## What to produce:
The reply should repeat all of the data word for word, with no pictures.

## The data:
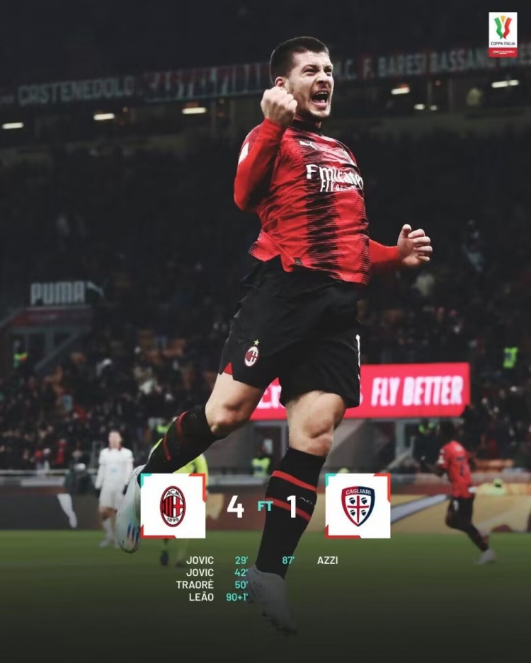 意杯-米兰4-1卡利亚里晋级八强 约维奇梅开二度特奥助攻双响
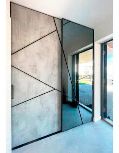 Valmistame ka toonklaasiga, värvitud (läbipaistmatu) klaasiga ja peegliga alumiiniumprofiilist hingedega uksi.
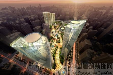 兩座拔地而起的大廈成為該地區(qū)入口的標(biāo)志,細(xì)長優(yōu)雅的樓身和超清晰的玻璃系統(tǒng)將內(nèi)外部公共空間聯(lián)系起來,并且在現(xiàn)代和歷史性的城市背景中以旋轉(zhuǎn)的姿態(tài)向上。從屋頂觀景平臺可以俯瞰下面的現(xiàn)代城市和附近的歷史區(qū)域。這種花園城市般的設(shè)置反映出中國不斷發(fā)展的現(xiàn)代城市景觀。

## Task response:
 意杯-米兰4-1卡利亚里晋级八强 约维奇梅开二度特奥助攻双响
 Valmistame ka toonklaasiga, värvitud (läbipaistmatu) klaasiga ja peegliga alumiiniumprofiilist hingedega uksi.
 兩座拔地而起的大廈成為該地區(qū)入口的標(biāo)志,細(xì)長優(yōu)雅的樓身和超清晰的玻璃系統(tǒng)將內(nèi)外部公共空間聯(lián)系起來,并且在現(xiàn)代和歷史性的城市背景中以旋轉(zhuǎn)的姿態(tài)向上。從屋頂觀景平臺可以俯瞰下面的現(xiàn)代城市和附近的歷史區(qū)域。這種花園城市般的設(shè)置反映出中國不斷發(fā)展的現(xiàn)代城市景觀。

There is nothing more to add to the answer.